- Data provided -

- - - -

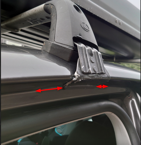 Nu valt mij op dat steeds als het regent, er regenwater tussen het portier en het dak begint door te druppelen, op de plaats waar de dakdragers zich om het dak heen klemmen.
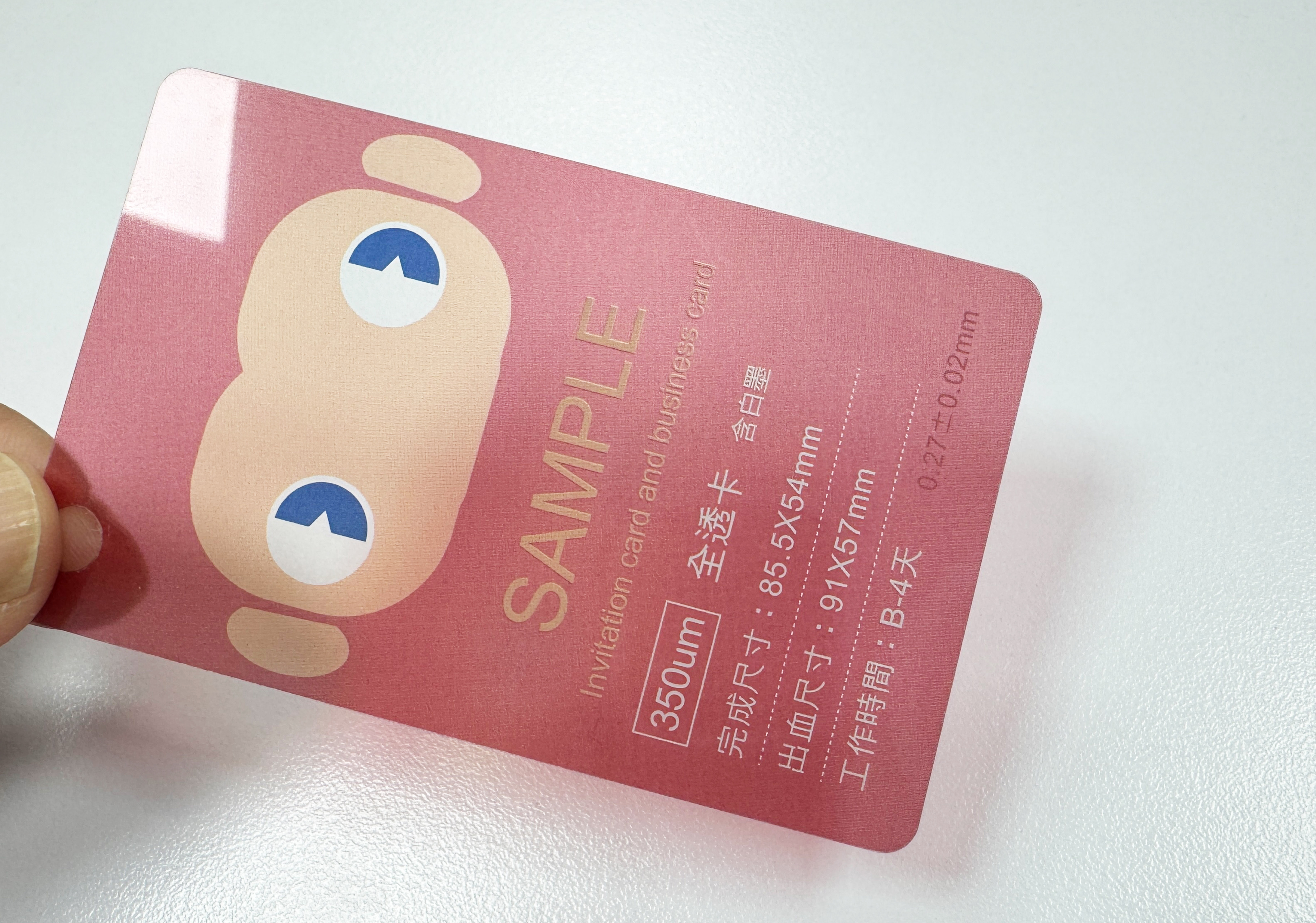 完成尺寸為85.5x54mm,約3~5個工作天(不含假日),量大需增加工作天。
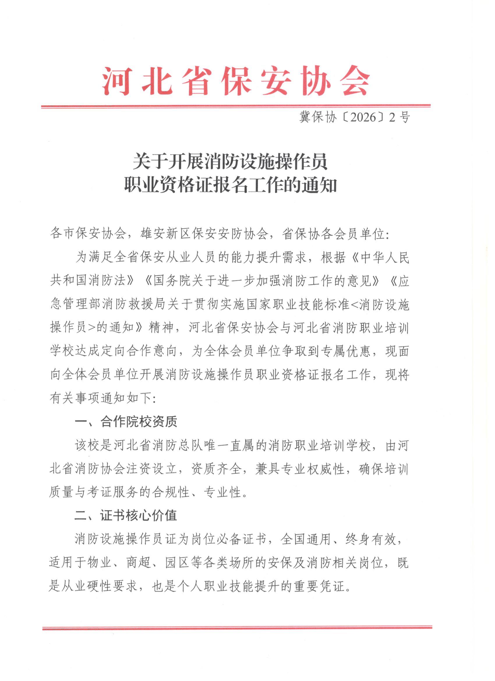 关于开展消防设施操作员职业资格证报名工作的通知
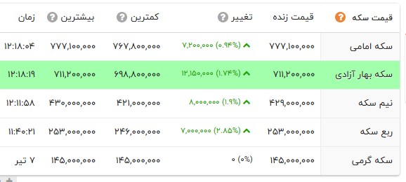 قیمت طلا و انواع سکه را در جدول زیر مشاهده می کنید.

- - - -

- Your assignment -
Please output the data above exactly as given, omitting every picture.

- Response to the task -
 Nu valt mij op dat steeds als het regent, er regenwater tussen het portier en het dak begint door te druppelen, op de plaats waar de dakdragers zich om het dak heen klemmen.
 完成尺寸為85.5x54mm,約3~5個工作天(不含假日),量大需增加工作天。
 关于开展消防设施操作员职业资格证报名工作的通知
 قیمت طلا و انواع سکه را در جدول زیر مشاهده می کنید.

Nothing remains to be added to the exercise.